This is most likely something that should be investigated closer by stopbadware.org.
It seems the site offers antivirus tools af various kind, but they might contain more than is accounted for initially. Looking up the site using domain tools also reports that pctools.com is part of this site or suite.
Maybe these tools should be testet by stopbadware and evaluated if they work as intended.
pctools is registered in Australia.
defenza claims canadian – but seems to be hosted in russia … go figure.
Thanks, I also reported it to the “Badware Clearinghouse”.
After that, I followed the links and reported it to econsumer.gov
This program uses false positives to persuade a user to purchase the program. The “threats” cannot be removed without a license.
I would consider this a fraud tool!
I am going to report this to the IC3 (Internet Crime Complaint Center) right away!
This site is in association with at least:
adware.co.nz
fixmyadware.com
adware-pro-live.com
adware-pro-site.com
adwarepro.com
www.defenza.com/v2/en/security.asp
Here is some AV companys take on Defenza:
A-Squared: www.emsisoft.com/en/malware/?Adware.Win32.Defenza
2-Spyware: www.2-spyware.com/review-defenza.html
Bleeping Computer: www.bleepingcomputer.com/uninstall/6451/Defenza.html
I found another site that installs this same program:
www.get-defenza.com/v2/en/security.asp
Here is SpyWare-net’s take on it:
http://www.fbmsoftware.com/spyware-net/Application/Defenza/
SpyWare-Net says that it is a remote access tool, A-Squared said it is a rouge / adware tool. 2-Spyware said that it is a questionable tool, and Bleeping Computer said that it was malware!
Could this be a combined threat?
See also the Mcafee Site Advisor Report:
http://www.siteadvisor.com/sites/defenza.com
Nothing I would trust for anything. However, they (defenza) are not forcing or infecting your machine without your content. This means, that Google will unlikely remove their search results or block the site from the search/link.
Judging from the various reports, it seems that the software is marketed on a false claim that you have virus which you haven’t really got, and that is not a legal method of marketing.
It may be impossible to get the software totally eliminated, but distribution through US/Canadian or other “western/EU” channels may be reduced due to the fraudulent nature of this.
Might not be, somehow they seemed to connect somewhere in the domain tools. Could be a freak incident or just because they seem to have registered the domains with the same registrar, which isn’t uncommon.

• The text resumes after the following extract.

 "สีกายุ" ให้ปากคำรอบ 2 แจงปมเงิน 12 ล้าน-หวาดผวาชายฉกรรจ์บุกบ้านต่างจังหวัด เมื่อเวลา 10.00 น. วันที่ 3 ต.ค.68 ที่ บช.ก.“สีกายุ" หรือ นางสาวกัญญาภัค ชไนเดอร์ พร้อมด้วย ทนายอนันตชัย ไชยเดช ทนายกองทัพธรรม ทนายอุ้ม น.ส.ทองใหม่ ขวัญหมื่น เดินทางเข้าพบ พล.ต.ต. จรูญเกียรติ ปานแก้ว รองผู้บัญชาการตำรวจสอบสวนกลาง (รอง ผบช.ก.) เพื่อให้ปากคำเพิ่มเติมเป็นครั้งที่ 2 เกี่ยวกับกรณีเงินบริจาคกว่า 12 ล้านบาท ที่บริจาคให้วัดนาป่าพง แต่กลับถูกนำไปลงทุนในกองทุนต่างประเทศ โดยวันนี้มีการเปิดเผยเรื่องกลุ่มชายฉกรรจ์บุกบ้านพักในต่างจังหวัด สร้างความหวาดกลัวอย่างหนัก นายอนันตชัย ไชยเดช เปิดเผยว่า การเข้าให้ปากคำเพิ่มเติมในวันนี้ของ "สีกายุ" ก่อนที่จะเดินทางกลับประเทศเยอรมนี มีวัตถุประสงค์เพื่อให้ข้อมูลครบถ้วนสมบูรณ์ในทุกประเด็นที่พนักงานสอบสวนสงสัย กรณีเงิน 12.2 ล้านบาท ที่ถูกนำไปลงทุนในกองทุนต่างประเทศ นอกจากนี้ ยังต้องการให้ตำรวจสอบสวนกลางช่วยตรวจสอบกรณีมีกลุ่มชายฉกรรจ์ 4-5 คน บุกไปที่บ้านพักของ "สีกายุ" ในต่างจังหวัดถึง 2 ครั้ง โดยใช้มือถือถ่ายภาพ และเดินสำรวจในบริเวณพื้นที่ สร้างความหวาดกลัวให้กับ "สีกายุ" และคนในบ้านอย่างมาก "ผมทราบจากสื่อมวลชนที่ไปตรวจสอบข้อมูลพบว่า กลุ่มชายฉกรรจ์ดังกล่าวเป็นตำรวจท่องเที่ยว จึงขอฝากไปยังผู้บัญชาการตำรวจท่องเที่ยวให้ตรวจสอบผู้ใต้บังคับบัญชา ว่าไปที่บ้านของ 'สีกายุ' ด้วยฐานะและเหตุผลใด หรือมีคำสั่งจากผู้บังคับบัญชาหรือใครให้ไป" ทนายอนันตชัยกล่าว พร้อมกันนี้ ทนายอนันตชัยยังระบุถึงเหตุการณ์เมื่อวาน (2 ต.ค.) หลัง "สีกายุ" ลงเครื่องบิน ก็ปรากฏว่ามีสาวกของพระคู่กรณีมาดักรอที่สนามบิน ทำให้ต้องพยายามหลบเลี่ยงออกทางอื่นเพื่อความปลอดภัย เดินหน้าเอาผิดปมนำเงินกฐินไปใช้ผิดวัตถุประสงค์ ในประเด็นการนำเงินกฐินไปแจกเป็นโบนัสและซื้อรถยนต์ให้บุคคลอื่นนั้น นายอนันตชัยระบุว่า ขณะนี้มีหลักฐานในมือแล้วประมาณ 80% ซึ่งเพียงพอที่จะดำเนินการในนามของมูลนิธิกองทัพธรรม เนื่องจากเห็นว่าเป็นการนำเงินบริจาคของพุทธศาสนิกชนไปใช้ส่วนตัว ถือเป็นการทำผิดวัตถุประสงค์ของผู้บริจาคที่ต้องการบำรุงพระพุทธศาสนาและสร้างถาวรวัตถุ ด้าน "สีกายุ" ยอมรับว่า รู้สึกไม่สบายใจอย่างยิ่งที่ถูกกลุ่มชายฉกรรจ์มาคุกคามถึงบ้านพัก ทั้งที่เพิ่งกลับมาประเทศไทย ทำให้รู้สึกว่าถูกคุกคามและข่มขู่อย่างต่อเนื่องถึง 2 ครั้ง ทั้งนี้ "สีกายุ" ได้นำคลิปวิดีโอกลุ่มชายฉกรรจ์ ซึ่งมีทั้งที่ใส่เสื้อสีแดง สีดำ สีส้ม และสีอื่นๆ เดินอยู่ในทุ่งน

Great research you’ve done. – Let’s see if Maxim (Stopbadware) and Beau (Consumer Reports WebWatch) are interested in this one.

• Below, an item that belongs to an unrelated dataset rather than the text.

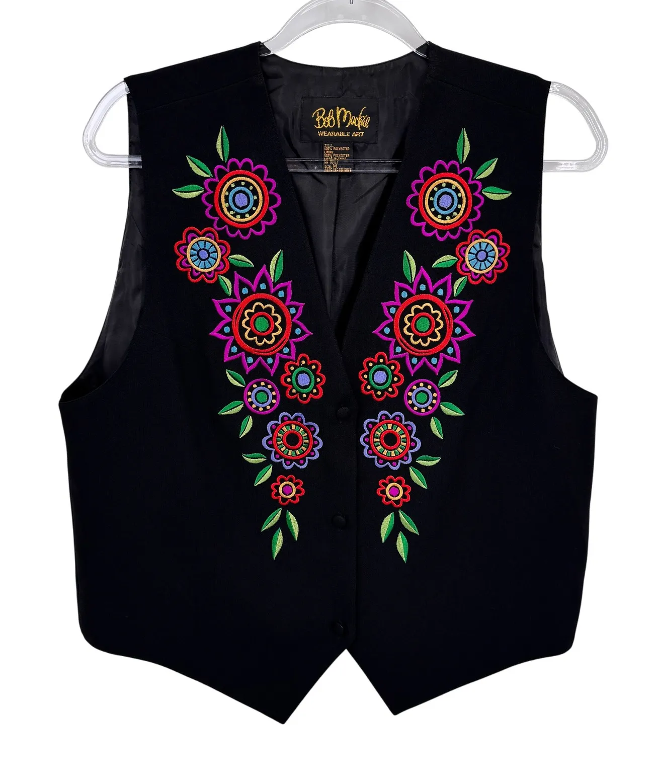 Black beauty blooms in this vintage Bob Mackie Wearable Art vest, where dark sophistication meets vibrant, floral fancy. Imagine yourself turning heads as you enter a room, the intricate embroidered flowers catching the light and adding a touch of personality to your outfit. This sleeveless top exudes confidence and fun, making it a unique statement piece for any wardrobe. Perfect for adding a pop of color to a monochrome ensemble, or for layering under a jacket for extra warmth and style. Pair it with a sleek black dress for an evening out, or with jeans and boots for a touch of Western flair. Color: Black Type: Vest Department: Women Style: Basic Material: Polyester Neckline: V-Neck Sleeve Length: Sleeveless Accents: Embroidered, Button Pattern: Floral Features: Wearable Art, Lightweight, Collarless, Sleeveless Fit: Regular Approximate Measurements Laying Flat Across: Chest: 20 inches Length: 25 inches Excellent preowned condition - no rips, stains, or tears. From a smoke free, pet friendly home. Approximate measurements in description. Seller Notes: -Same/Next Business Day Shipping -Smoke Free & Pet Friendly Home Keywords: Bob Mackie, Wearable Art, Vest, Black Vest, Floral Vest, Embroidered Vest, Sleeveless Top, Vintage Vest, Bohemian Vest, Retro Vest, Medium Vest, Womens Vest, Designer Vest, Statement Piece

After looking at my research, do you think that this is a rouge anti-spyware tool?
It is said to be installed after “Trojan exploits”; no good anti-malware tools would install using an exploit!

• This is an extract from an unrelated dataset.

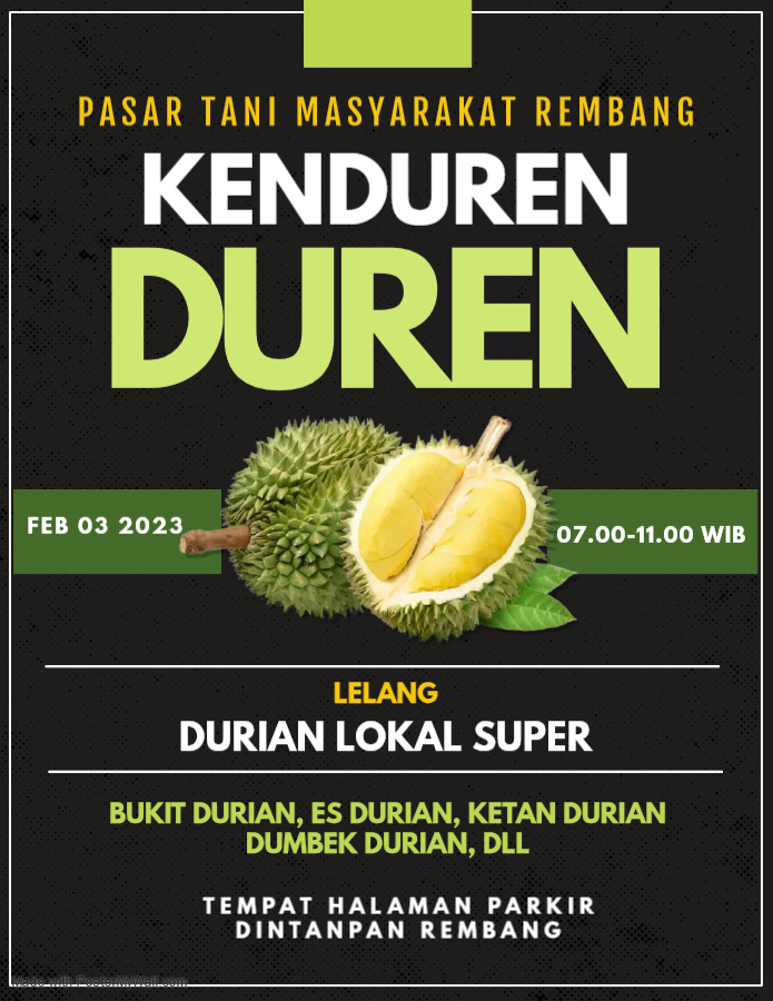 Kegiatan ini bertujuan untuk mempromosikan buah durian asal Rembang kepada khalayak. LEBIH DETAIL

According to there sites, they have millions of users! This could be a big outbreak.
Even Mcafee Site Advisor says “Popularity: Lots of users”!
They most likely got there popularity from there association with cashengines.com, another “red” site.
Cashengines.com, has over 600 sites that use “catchy phrases” to lure visitors.
This company definitely is going to have legal problems, after the complaining and publicity were going to do!
This site was reported to Web Sense Security Labs:
http://securitylabs.websense.com/content/reportMalicious.aspx
The download link was reported to MalwarePatrol.net, but came back “clean”.
CashEngines.com is on RipOffReport.com, for rouge anti-malware programs; imagine that!
I also just sent this domain to Web Sense’s Security Labs; hoping that when / if they block it, it will greatly reduce rouge anti-malware infections!
Defenza is not a product of PC Tools, a company that is a member of the Anti-Spyware Coalition (of which StopBadware is also a member).
We’re not spending a lot of time right now testing new badware apps, but I think it’s great that this community is surfacing some on its own. You’ll be glad to know that this conversation thread shows up in the top 10 results in a Google search for “Defenza.”
Just what I thought. It was a little wierd to find both names through the same single search on domaintools.
Now that we do have that important part cleared up, we can make sure to spread the word and let people know to be careful when finding new security tools like defenza they can come here for a discussion of the same as well.
It probably missed being flagged by google because its not a drive-by download or some spammy pop-up/banner ad.
Pctools is part of Australia (go us :D ) and promotes legit software although their ads can be a bit dodgy sometimes.
Anyway it should have been flagged by now.
One more thing I wouldn’t be downloading any AV (Anti-virus programs) that has a Russian/Ukrainian host, very dodgy.
The site will not be flagged by Google as suspicious. Why?
Because the site itself poses no risk at present. The users trusting the site and downloading/accepting the terms wilfully accepts the responsibility of installing the software. – If the terms do mention the adware or whatever is in there, isn’t really at discussion concerning the Google suspicious list, but rather a consumer related issue.
They (defenza) don’t do anything bad without the users consent.